_What you should do:_ Word for word, reproduce each line of the data below, omitting every image.

_Exercise data:_
*** Block opens ***
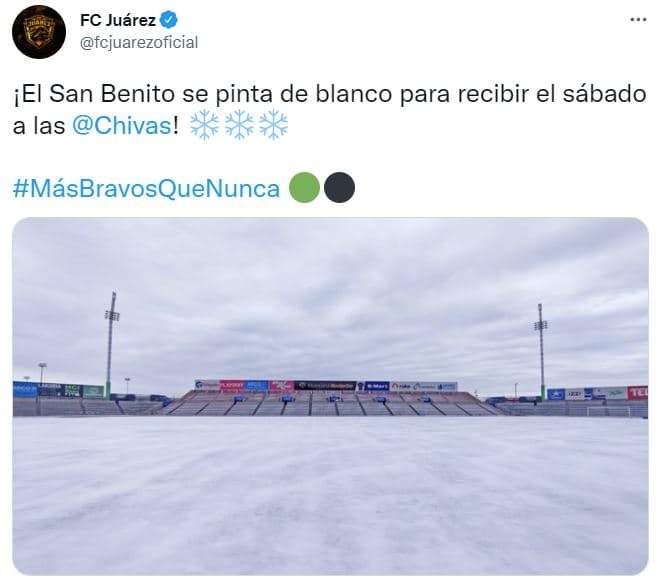 Los Bravos subieron una imagen del estadio Benito Juárez repleto de nieve en donde también mencionaron que así recibirán al Rebaño Sagrado.
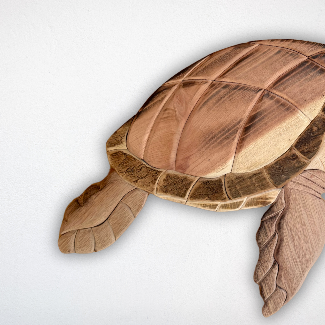 Add the beauty of the ocean to your space with our handcrafted wooden Sea Turtle sculpture, designed to bring a sense of calm and connection to nature. Carefully crafted from 100% reclaimed Australian timber, each sculpture highlights the intricate patterns and graceful form of the sea turtle, creating a stunning focal point for any home or office. The unique wood grain and texture give it a natural, organic feel, making it a perfect addition to coastal decor and marine-inspired interiors.
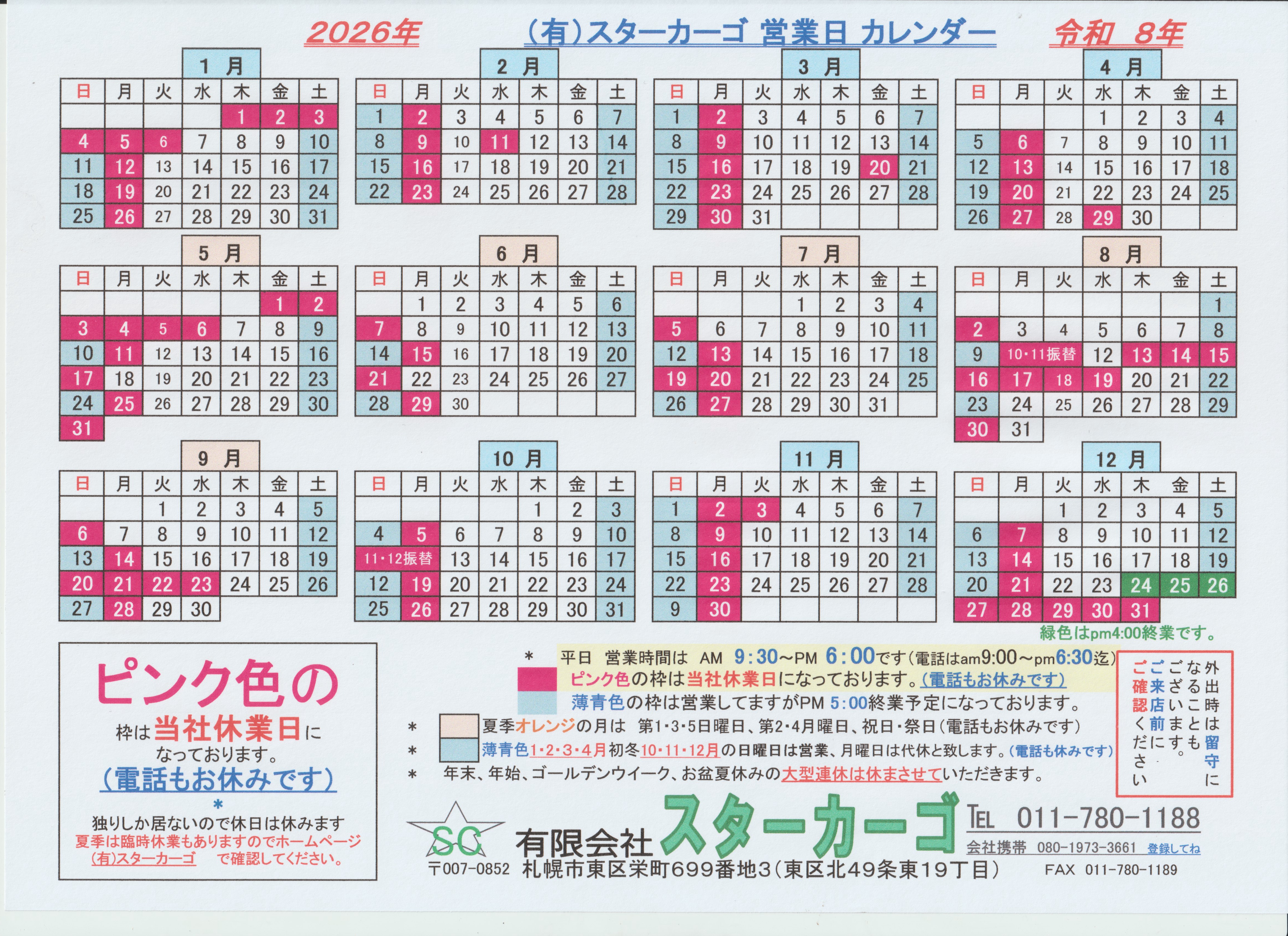 弊社の営業カレンダーを見ていただきありがとうございます。
*** Block closes ***
_The completed task:_
 Los Bravos subieron una imagen del estadio Benito Juárez repleto de nieve en donde también mencionaron que así recibirán al Rebaño Sagrado.
 Add the beauty of the ocean to your space with our handcrafted wooden Sea Turtle sculpture, designed to bring a sense of calm and connection to nature. Carefully crafted from 100% reclaimed Australian timber, each sculpture highlights the intricate patterns and graceful form of the sea turtle, creating a stunning focal point for any home or office. The unique wood grain and texture give it a natural, organic feel, making it a perfect addition to coastal decor and marine-inspired interiors.
 弊社の営業カレンダーを見ていただきありがとうございます。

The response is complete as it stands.